IV. SHORTCOMINGS IN THE AMENDMENTS
In addition to compliance, we must analyze where the amendments fall short. The first area of concern is the definition of “earnings.” Earnings means “compensation, including earned salary, earned bonuses, earned commissions, and any other form of taxable compensation earned.”21 The word “earned” is reminiscent of the Illinois Wage Payment and Collection Act (“IWPCA”), which focuses extensively on when compensation is earned.22 Cross-referencing statutes, the definition of earnings would prohibit inclusion of a discretionary bonus because it is not an earned bonus.23 However, substantial litigation exists regarding earned bonuses and earned commissions under the IWPCA. With those definitions infiltrating the IFWA, it is likely that those arguments will now permeate restrictive covenant litigation.

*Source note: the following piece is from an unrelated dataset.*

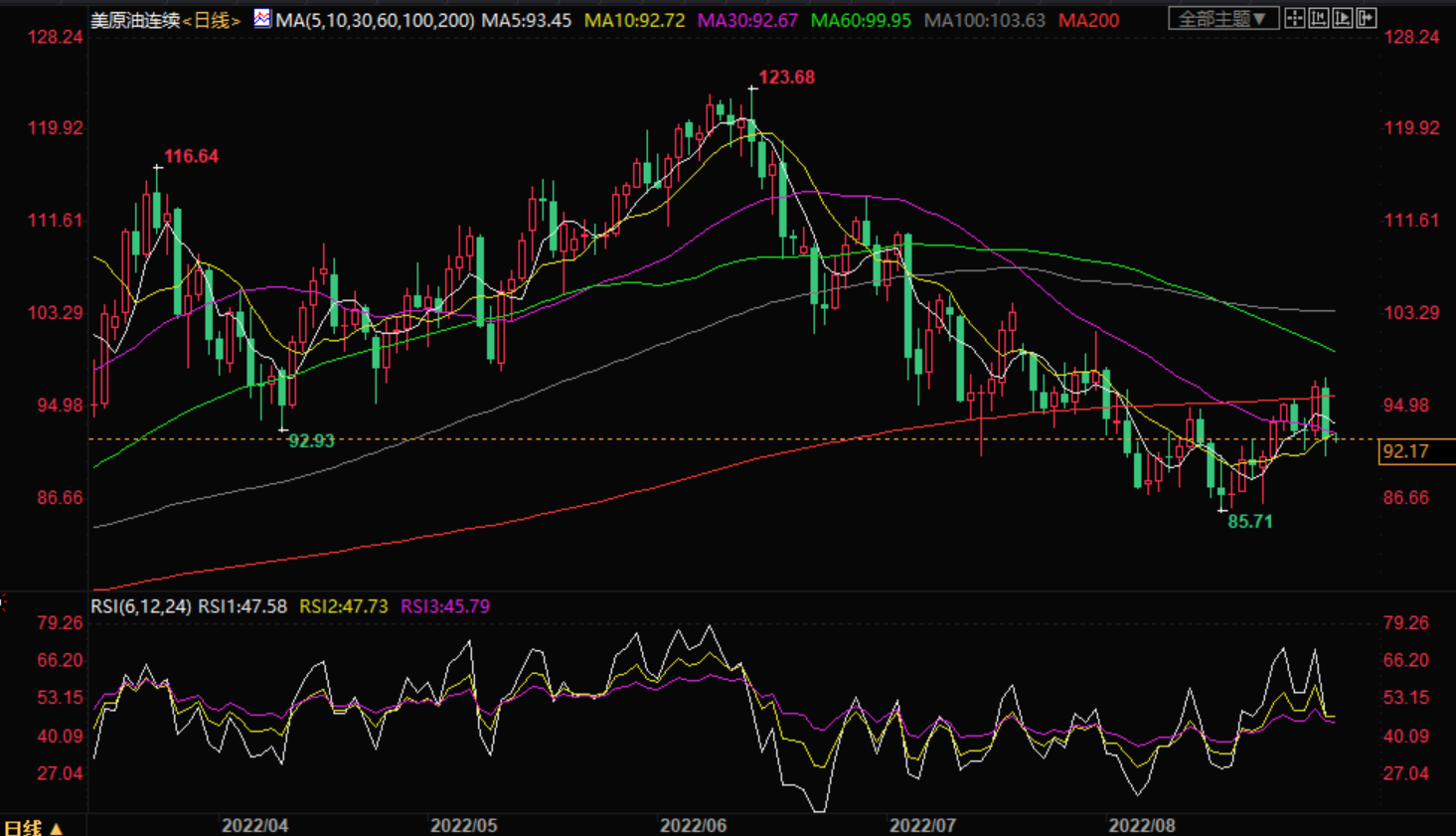 周三亚市盘初,美油交投于92.15美元/桶附近;油价周二大跌近5%,创下约一个月来最大跌幅,人们担心随着全球央行加息以对抗不断攀升的通胀,燃料需求可能疲软,而且伊拉克的动荡局势未能削弱该国的原油出口。

A second shortcoming is the language that “[e]ach situation must be determined on its own particular facts” and “[t]he same identical contract and restraint may be reasonable and valid under one set of circumstances and unreasonable and invalid under another set of circumstances.” This open-ended language is at odds with the practical aspect of non-competes and non-solicits, but particularly non-competes. If an employee is bound by a non-compete and is presented a potentially competitive activity, that employee must make his or her own analysis of whether the potentially competitive activity would breach the non-compete clause. Without providing clear guidance on enforcement, it creates a practical burden on employees because employees will be forced to decide how risk-averse they want to be. This may keep particularly anxious employees from non-violating opportunities based on their capacity for risk.
V. CONCLUSION
With this wave of amendments, employers need to review, revise, and retrain in order to ensure agreement compliance with statutory regulations for agreements entered into after January 1, 2022. Beyond, the field of restrictive covenant litigation remains factually dependent, and ripe for disputes. This capacity is increased with imposition of “earned wages” into statutory regulation.
21 820 ILCS 90/5 (2022). 22 820 ILCS 115/1, et seq. (2015) (final compensation defined as “wages, salaries, earned commissions, earned bonuses, and the monetary equivalent of earned vacation and earned holidays, and any other compensation owed the employee by the employer pursuant to an employment contract or agreement between the 2 parties.”). 23 See 56 Ill. Admin. Code §300.500 (2014).